Cruise ship operator Carnival (CCL 1.43%) is coming off a strong year in 2024 where its share price rose by 34%. The company delivered impressive numbers as demand was through the roof, enabling the business to post record numbers and return to profitability, giving investors plenty of reasons to be bullish on the stock.

Can the company offer up a repeat performance in 2025, or could this prove to be a much more challenging year for the business?

Carnival is already off to a strong start to the year

A big advantage Carnival has over many other businesses is that cruises are often booked well in advance, giving the company a lot of visibility into future demand. When the company reported its most recent earnings numbers in December, management was already calling 2025 "another banner year," noting that close to two-thirds of the year's capacity has already been booked.

For many families, taking a cruise can be a unique and potentially more cost-effective travel option, and that looks to be resulting in some impressive numbers for cruise ship companies such as Carnival. Even as prices have been rising, Carnival's business is booming.

With a significant chunk of 2025 already booked up, Carnival is in an excellent position to fill up the year and to push more bookings out to 2026, which it says is already off to a strong start and breaking records. Plus, the company is opening Celebration Key this summer, its exclusive travel destination for guests in the Grand Bahama. It will offer unique experiences for its guests and could generate even more demand for its cruises.

The stock may be overdue for a much bigger rally

Carnival's business posted record revenue for the year ending Nov. 30, 2024, with sales topping $25 billion. Profits totaled $1.9 billion and were a big improvement from the $74 million loss which the business posted a year earlier.

As demand continues to soar, there can be room for Carnival to raise prices and not only boost sales even further but also increase its margins along the way. And with greater profitability, the business can make for a much more attractive investment.
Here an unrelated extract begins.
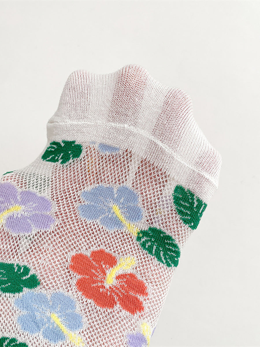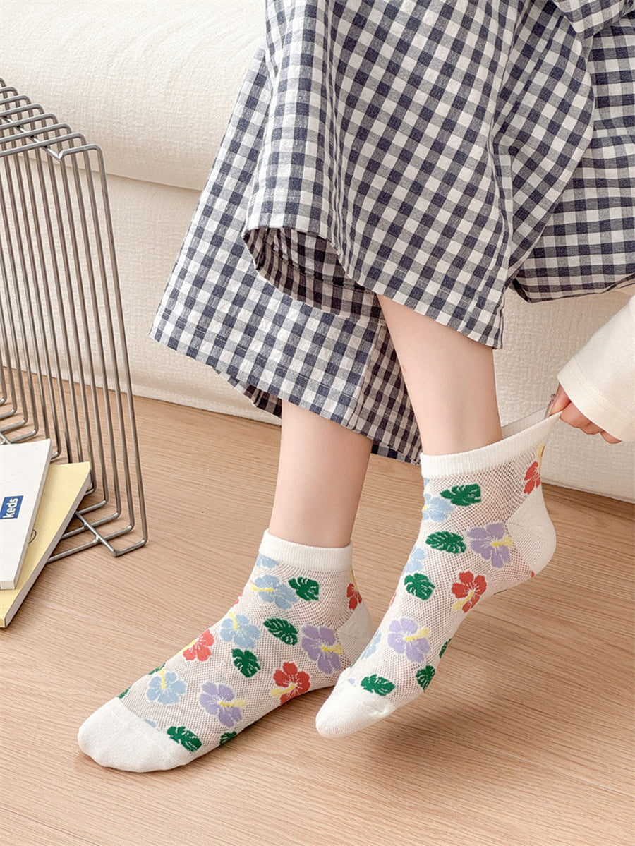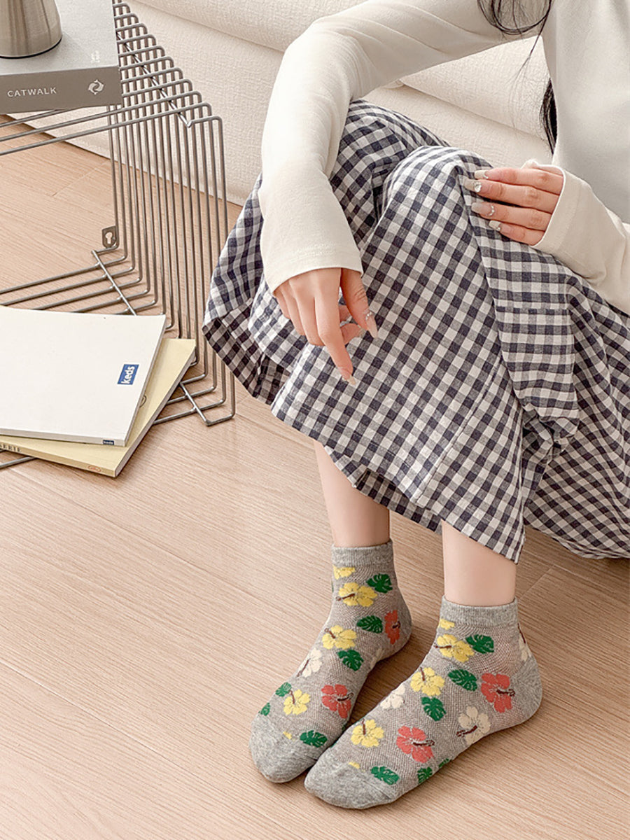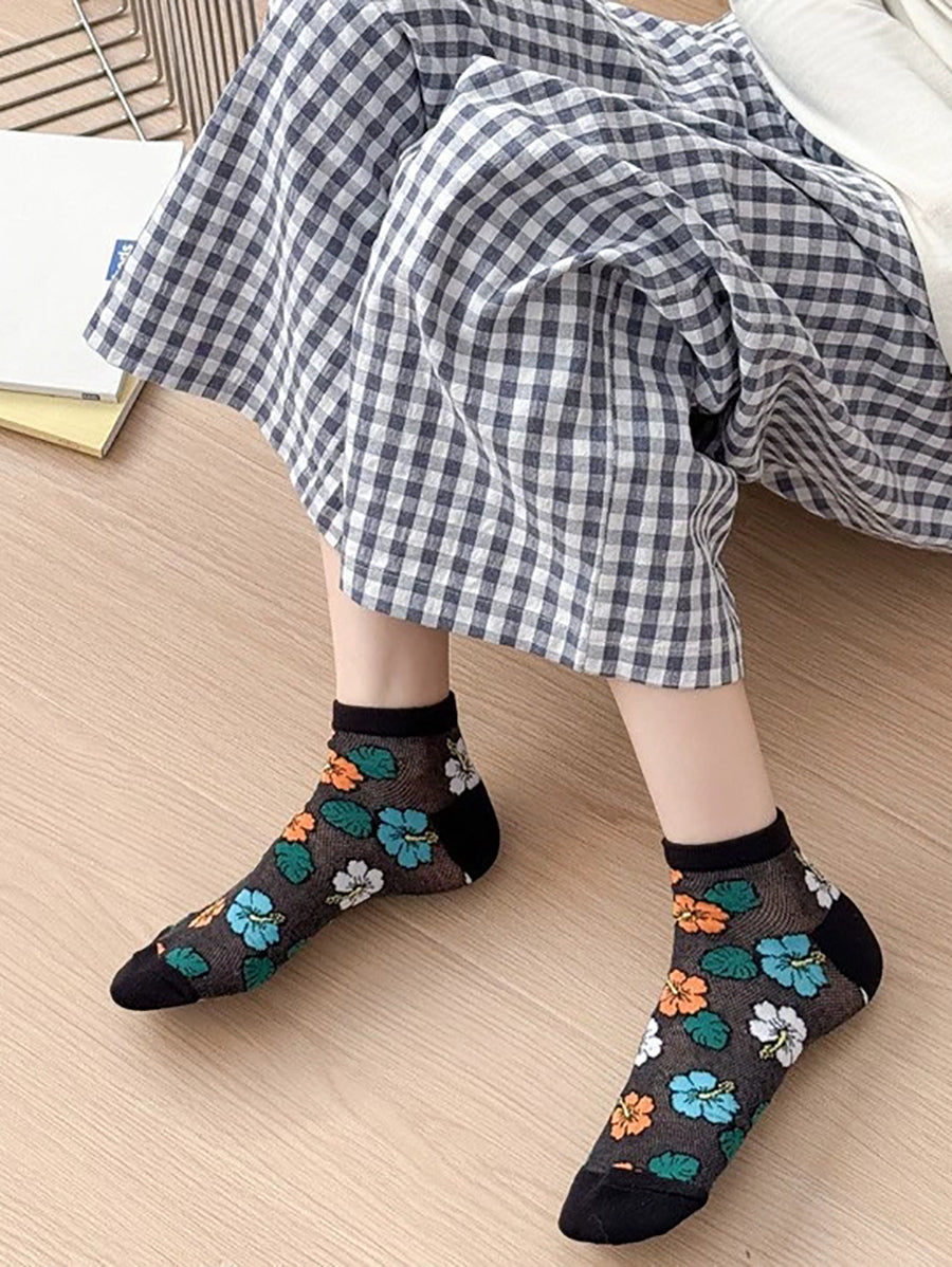 5 Pairs Women Artsy Flower Cotton Socks

Despite Carnival stock's strong performance in 2024, a lot of the rally came later in the year as for the most part, investors remained hesitant to buy shares of the business. As of Monday, the stock was trading at around $24, which is still nowhere near where it was before the pandemic when it was comfortably trading above $40.

Carnival stock may be one of the best buys for 2025

As the business is on track for another record-setting year in 2025, it wouldn't be unreasonable to expect even more of a rally from the travel stock this year as it is proving to be a safe buy. And it's still only trading at 14 times next year's estimated earnings (according to analysts).

The big risk for investors is that the company has a high debt load (nearly $26 billion in long-term debt), but stronger results have allowed Carnival to pay that down. And as the company continues to post robust earnings numbers, it will have the ability to reduce its debt even further. Furthermore, a decline in interest rates can make that debt less costly as well.

There are many reasons to be positive on Carnival's performance in the months and even years ahead. For investors, it may not be too late to invest in the company given its strong results, and there could still be a whole lot more room for the stock to go even higher.